I'm using rclone copy. Why I'm getting the message "Excluded from sync (and deletion)"
It's reading all the files on the remote backend. Don't have a way to just copy new files local to remote?
2021/09/21 12:46:42 DEBUG : data/archive/2016/10/18/9/625CCCAA/F5FAC885/626AC4D1: Excluded from sync (and deletion)
2021/09/21 12:46:42 DEBUG : data/archive/2016/10/18/9/625CCCAA/F5FAC885/EAEDD487: Excluded from sync (and deletion)
2021/09/21 12:46:42 DEBUG : data/archive/2016/10/18/9/625CCCAA/F5FAC885/EAEDD488: Excluded from sync (and deletion)
2021/09/21 12:46:42 DEBUG : data/archive/2016/10/18/9/625CCCAA/F5FAC885/EAEDD489: Excluded from sync (and deletion)
2021/09/21 12:46:42 DEBUG : data/archive/2016/10/18/9/625CCCAA/F5FAC885/EAEDD48A: Excluded from sync (and deletion)
2021/09/21 12:46:42 DEBUG : data/archive/2016/10/18/9/625CCCAA/F5FAC885/EAEDD48B: Excluded from sync (and deletion)
2021/09/21 12:46:42 DEBUG : data/archive/2016/10/18/9/625CCCAA/F5FAC885/EAEDD48C: Excluded from sync (and deletion)
2021/09/21 12:46:42 DEBUG : data/archive/2016/10/18/9/625CCCAA/F5FAC885/EAEDD48D: Excluded from sync (and deletion)
cberni
(Cristiano Albiero Berni)
September 22, 2021, 12:59am
12
I'm testing here and "Excluded from sync (and deletion)" is shown when using --include-from or --max-age and I'm using both.
It seems is reading all files on backend (millions) that is not local anymore just to say it is excluded.
Is there a way to rclone copy with --include-from and --max-age that don't check files are only in backend (don't sync)?
cberni
(Cristiano Albiero Berni)
September 22, 2021, 1:21am
13
--no-traverse did the job.
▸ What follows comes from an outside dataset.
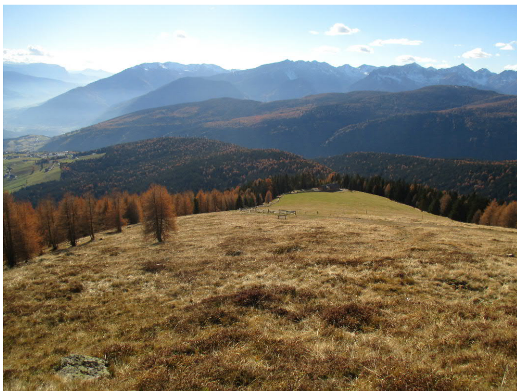
Foto 10: geplante Piste „Klein-Gitsch“ - mittlerer Bereich oberhalb der „Moseralm“

Thanks a lot.
ncw
(Nick Craig-Wood)
September 23, 2021, 10:53am
14
Yes --no-traverse
means that rclone will try to find each file individually.
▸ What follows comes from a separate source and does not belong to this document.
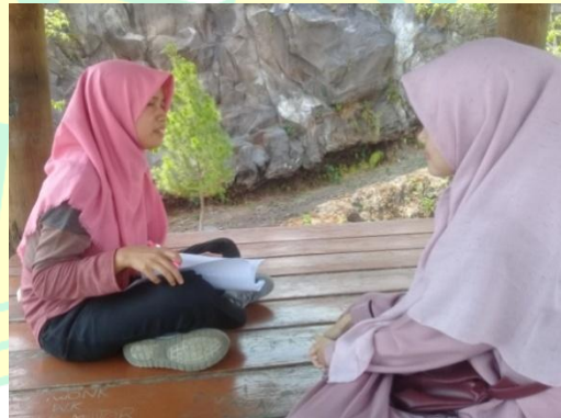
Kegiatan wawancara dengan pengunjung objek wisata

This is usually less efficient that not using it with google drive but whether it is or isn't depends on the pattern of updated files. If you have lots of files being updated in one directory the --no-traverse
is a loss, whereas if you have files being updated all over the place then it can be a win.
1 Like
system
(system)
Closed
September 26, 2021, 10:54am
15
This topic was automatically closed 3 days after the last reply. New replies are no longer allowed.